Ti dirò Pres: ovviamente quando ti toccano i figli... non riesco neanche a pensarci.
Ma: un conto è se a me, sconvolta da dolore rabbia etc... capita tra le mani uno che ha fatto male ai miei figli, un conto è il giudizio sulla pena per reati gravissimi, che deve essere emesso lucidamente.
Io sono contraria alla pena di morte, che è sangue che ricade su tutti, essendo omicidio di stato.
Detto questo, non sono molto illuminista: secondo me certi soggetti non si recuperano più.
Ci sono abissi dai quali non si risale manco con un argano.
Mettendo da parte questi casi, io credo che per sentire che un processo sia giusto, da parte lesa, occorre avvertire la certezza della pena.
Cosa che in Italia non si sa più cosa sia. 
E ne vediamo gli effetti.


----------



## perplesso (11 Febbraio 2015)

Nobody ha detto:


> mi spieghi meglio? Non ho capito cosa intendi.
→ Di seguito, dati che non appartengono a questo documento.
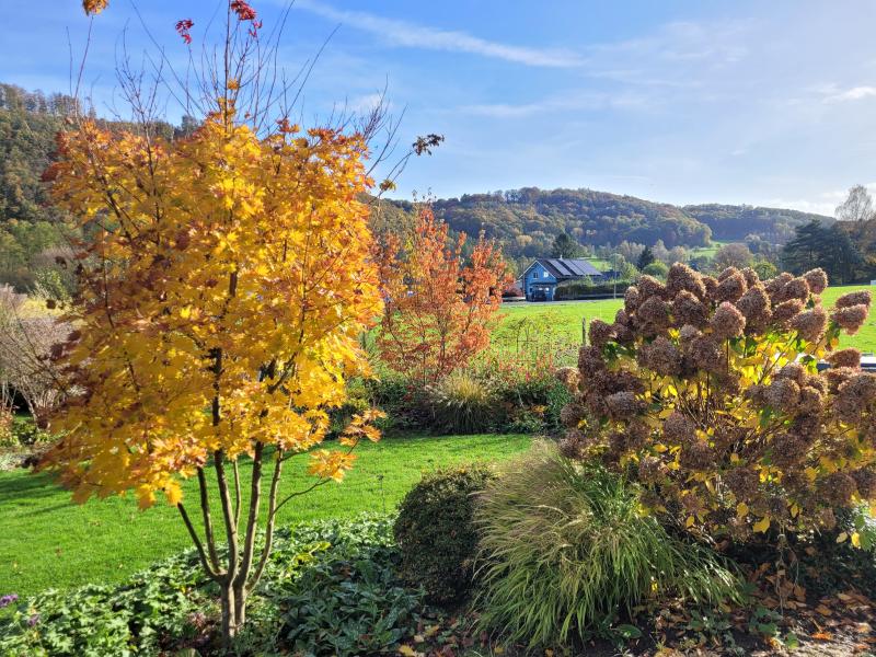 Genauso geht es mir auch. Erst überhaupt keine Herbstfärbung, aber jetzt eine Farbenpracht! Trotz des vielen Regens! Eine sehr schöne Ahornsammlung hast du, Andreas! Aber am meisten mag ich deine blaue Tür am Gartenhaus! Was für ein Blau!

se verrà confermato l'orientamento volto a potare decisamente la procedibilità dei reati cpn massimo edittale fino a 5 anni (cioè la pena massima prevista dal Codice Penale al netto di aggravanti/attenuanti), ci saranno parecchie situazioni di sostanziale non punibilità,a meno che l'autore non sia un pregiudicato.

e non si capisce se nel novero siano o no compresi i delitti tentati.   per fare un esempio,un tentato stupro che possa essere valutato con una pena intorno alla soglia,rientra o no in questo delirio?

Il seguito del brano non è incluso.